Leptospermum amboinense

Scientific classification
- Kingdom: Plantae
- Clade: Tracheophytes
- Clade: Angiosperms
- Clade: Eudicots
- Clade: Rosids
- Order: Myrtales
- Family: Myrtaceae
- Genus: Leptospermum
- Species: L. amboinense
- Binomial name: Leptospermum amboinense Blume
- Synonyms: Leptospermum annae Stein; Leptospermum flavescens var. angustifolia Ridl.; Leptospermum petersonii subsp. lanceolatum Joy Thomps.; Macklottia amboinensis (Blume) Korth.;

= Leptospermum amboinense =

- Genus: Leptospermum
- Species: amboinense
- Authority: Blume
- Synonyms: Leptospermum annae Stein, Leptospermum flavescens var. angustifolia Ridl., Leptospermum petersonii subsp. lanceolatum Joy Thomps., Macklottia amboinensis (Blume) Korth.

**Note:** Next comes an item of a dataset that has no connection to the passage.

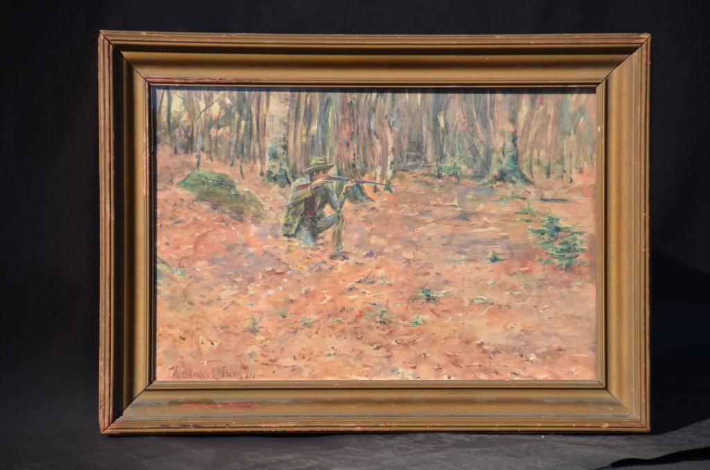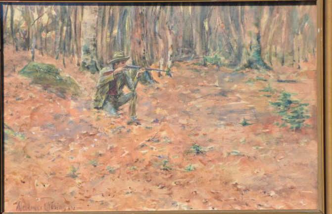 Watercolor on paper signed lower left Alexander C. Robinson. Alexander C. Robinson circa 1867-1940 was from Portsmouth, New Hampshire and he was a pupil of Doucet and Constant and he lived in Paris for a time and was well-known for his quality watercolors. The image measures approximately 12” x 18” and portrays a hunter in the woods with his gun. The condition is good with just some light normal aging and could use some minorcleaning and conservation. Includes an old period frame which maybe it’s original. Est.: $400-$800

Australian species of plant

Leptospermum amboinense is a species of tree that is native to Malesia and North Queensland. It has rough bark, sessile, narrow elliptical leaves, white flowers and sessile, conical to hemispherical fruit.

==Description==
Leptospermum amboinense is a tree that typically grows to a height of 9 m. It has rough, grey to brown fibrous bark on the trunk and branches. The leaves are arranged alternately, sessile, narrow elliptical, 18-30 mm long and 3-5 mm wide with only the midvein barely visible on the lower side. New growth is bronze-coloured. The flowers are borne singly, sometimes in groups of up to four, on side branches. The flowers are 12-18 mm in diameter on a pedicel up to 1 mm long with sepals that have hairy edges and white petals. Flowering occurs in summer and the fruit is a woody capsule 3-4 mm long and 4-5.5 mm wide with a conical or hemispherical hypanthium that has a conspicuously domed top.

==Taxonomy and naming==
Leptospermum amboinense was first formally described in 1826 by Carl Ludwig Blume who published the description in
his book Bijdragen tot de flora van Nederlandsch Indië .

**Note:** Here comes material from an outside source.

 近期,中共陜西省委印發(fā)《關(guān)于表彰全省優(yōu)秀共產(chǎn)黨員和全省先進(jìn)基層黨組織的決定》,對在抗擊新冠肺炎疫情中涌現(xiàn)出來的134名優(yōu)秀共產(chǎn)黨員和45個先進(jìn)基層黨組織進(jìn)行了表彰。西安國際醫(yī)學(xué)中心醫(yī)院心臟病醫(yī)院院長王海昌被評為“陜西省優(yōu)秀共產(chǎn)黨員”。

==Distribution and habitat==
This leptospermum is native to Malesia and to North Queensland. In Malesia it is found in Malaya, Sumatra, Borneo, Sulawesi, the Moluccas, Florea and the Philippines. Herbarium records suggest that in grows at lower altitudes than the similar L. javanicum. In Queensland it occurs in coastal areas between Cooktown and Bowen.

==Conservation status==
This species is classified as of "least concern" under the Queensland Government Nature Conservation Act 1992.

==Use in horticulture==
In cultivation, this species is a bushy shrub up to 3 m tall and 2.5 m wide with attractive new growth. It is hardy in the tropics and subtropical areas and can be propagated from seed or cuttings.